Hacker Newsnew | past | comments | ask | show | jobs | submit

		frollogaston 28 days ago \| parent \| context \| favorite \| on: Tea app leak worsens with second database exposing... Firebase's DB (Firestore) being almost default-allow is even funnier, and that was the core functionality from the start, leading to tons of huge breaches over the years. At least a public file bucket is a more valid use case, except I'm guessing they left the "list files" permission open.

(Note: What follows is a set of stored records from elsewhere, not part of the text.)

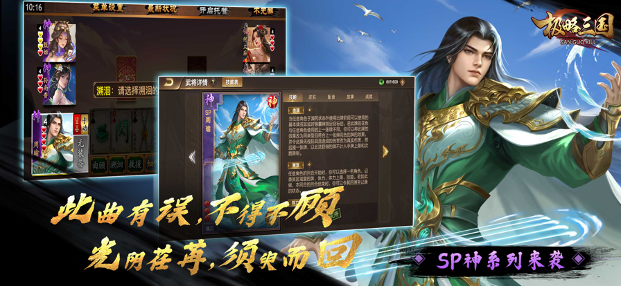 游戏简介: 极略三国(原三国KILL)是一款单机三国策略卡牌游戏,支持蓝牙或WiFi局域网联机对战。此外,极略三国向广大武将DIYer有奖征集了很有优秀的设计,在策划的筛选和修改下集成与优化了很多优秀的民间武将。精致唯美的武将原画和皮肤,别具一格的武将台词也是游戏一大亮点之一。除去经典5-8人局模式,我们还有别具匠心的设计了征服模式、无尽模式、三英模式、闯关模式、挑战模式、破阵模式。 故事背景: 滚滚长江东逝水,浪花淘尽英雄。是非成败转头空。在游戏中,共有四种身份:主公、反贼、忠臣、内奸,玩家将扮演三国时代的一位驰骋沙场的武将或运筹帷幄的文官,结合自己的身份,用战术和谋略寻找与自己目的相同的队友,并与之配合,击败敌人,获得最后的胜利。 极略三国新部将系统! 集齐九灵珠,没有神龙。 只有智慧与实力并存的主公,才能召唤无敌左幽~ 【玩家群】 极略三国-壹群:1083303253 极略三国-贰群:190849123 极略三国-叁群:212601349 【联系我们】 官方微信公众号:极略三国(btsanguokill) QQ服务号:800049454
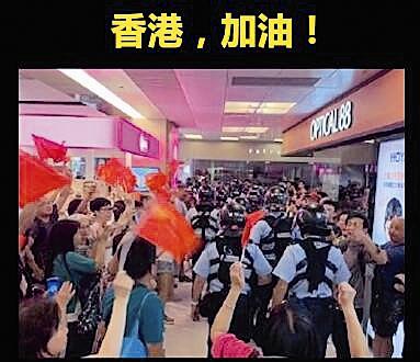 9月14日,爱国爱港人士唱国歌遭暴徒袭击受伤,香港警察赶到后带走多名暴徒,市民高喊“警察加油!”香港加油!
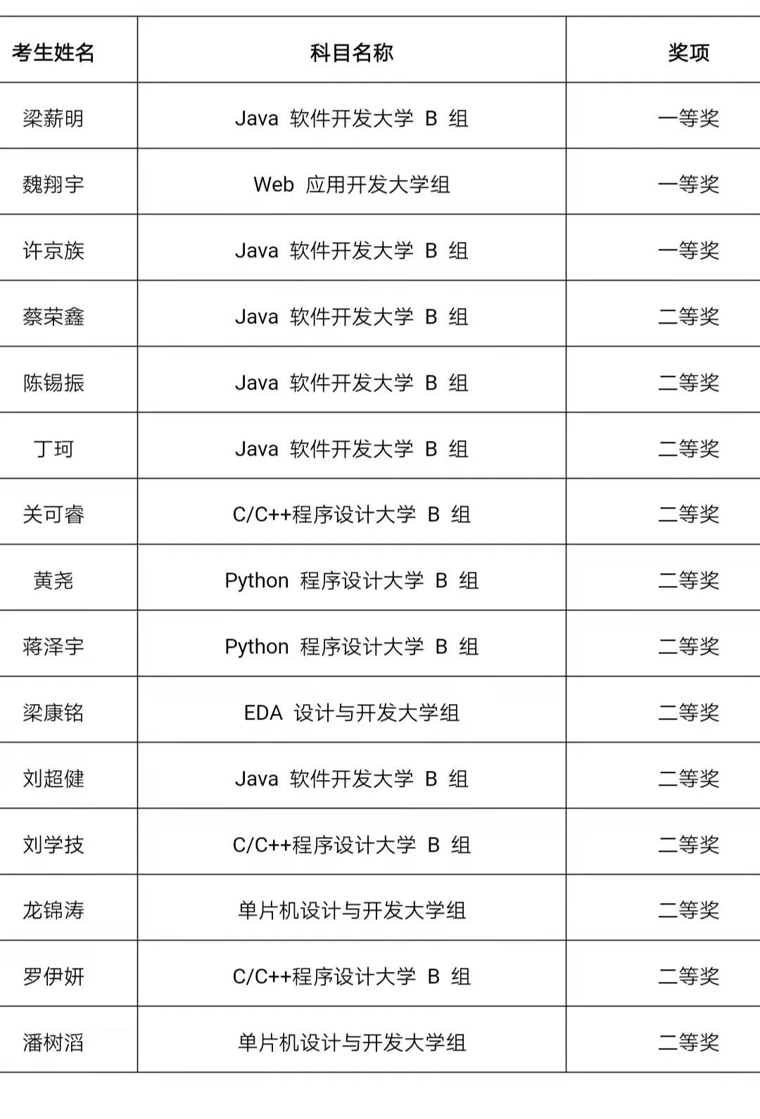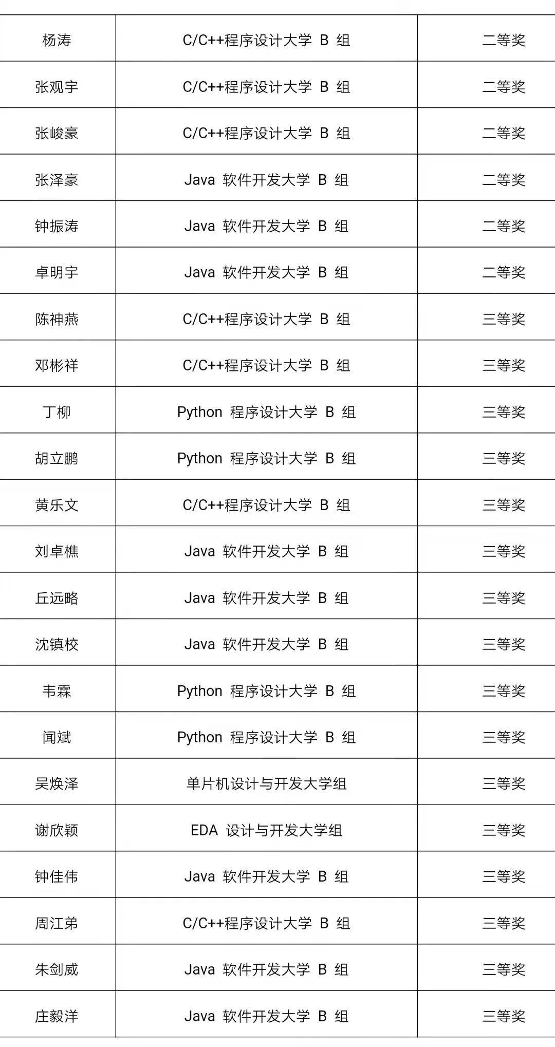 近日,在第十三届蓝桥杯全国软件和信息技术专业人才大赛个人赛省级比赛中,我校电气与计算机工程学院教师指导学生参加并斩获37个奖项,其中一等奖3名,二等奖18名,三等奖16名,具体名单如下:
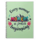 Captura tus pensamientos, sueños y objetivos con este cuaderno de diseño con la cita edificante: "Cada momento es un nuevo comienzo". Este cuaderno sirve como recordatorio de que cada nuevo momento trae infinitas posibilidades. Un gran regalo para escritores, estudiantes o cualquier persona que busque inspiración en su vida diaria.
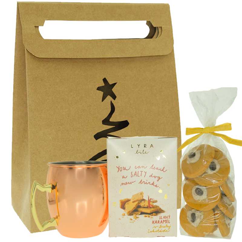 Hrnček s medeným povrchom 500 ml, Kúsky čokolády so slaným karamelom 100 g, Kávové kolieska 150g. Darčeková taška 30x23x10 cm (malá)
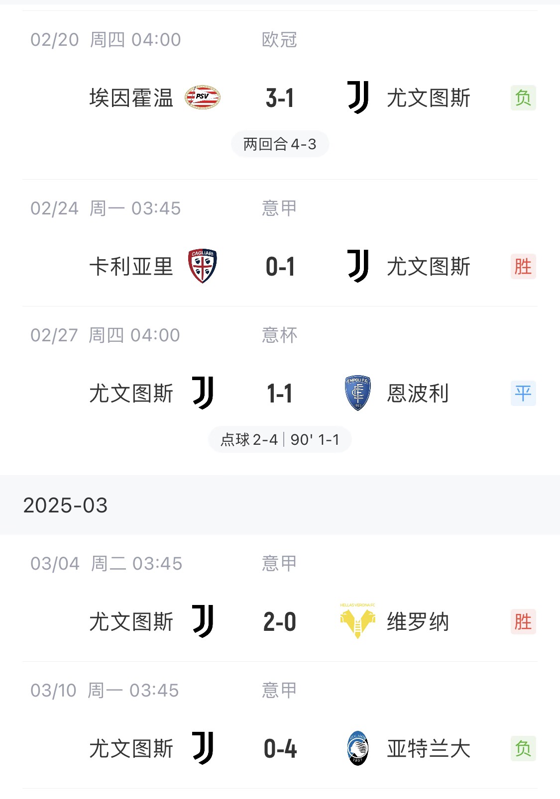 然而近一個(gè)月,尤文相繼遭遇歐冠附加賽失利,意杯出局:歐冠附加賽兩回合3-4不敵埃因霍溫,無緣淘汰賽;意大利杯則是點(diǎn)球出局,不敵降級區(qū)的恩波利。
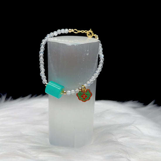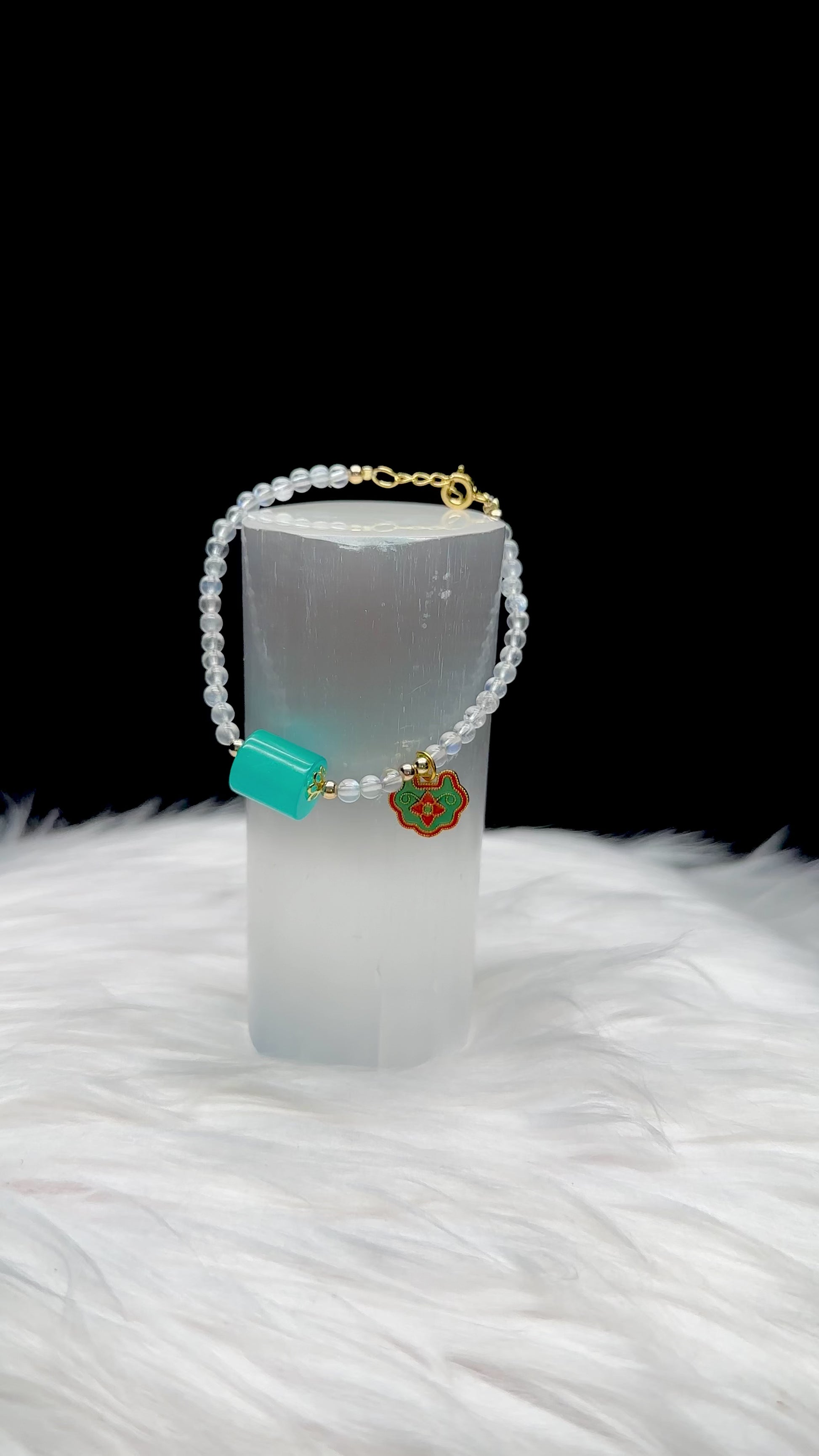 Invite calm, clarity, and spiritual harmony with this High-Quality White Moonstone Crystal Bracelet, featuring a serene Blue Amazonite center bead and a handcrafted Feng Shui sterling silver hanging charm. Designed with an adjustable sterling silver hook clasp, this bracelet blends spiritual symbolism with refined elegance—perfect for crystal lovers and energy practitioners alike.

Edit: Oh, chat DB is probably Firestore, so they left that open too, nice. Having used it several times, yeah I wouldn't entrust it to a dev team. It's gotten better lately but still seems like the gun is always pointed at your foot. Also GCP, storing secrets properly in AppEngine is notoriously difficult and prone to accidental git-commit: https://stackoverflow.com/questions/58371905/how-to-handle-s...

andrepd 28 days ago [–]

It's to this kind of quality engineering that they want me to entrust my ID so I can watch pr0n or insult a politician online. Jesus.

frollogaston 27 days ago | [–]

Are they specifically using Firebase for that? I'm not saying GCP is unsafe in general, just Firebase.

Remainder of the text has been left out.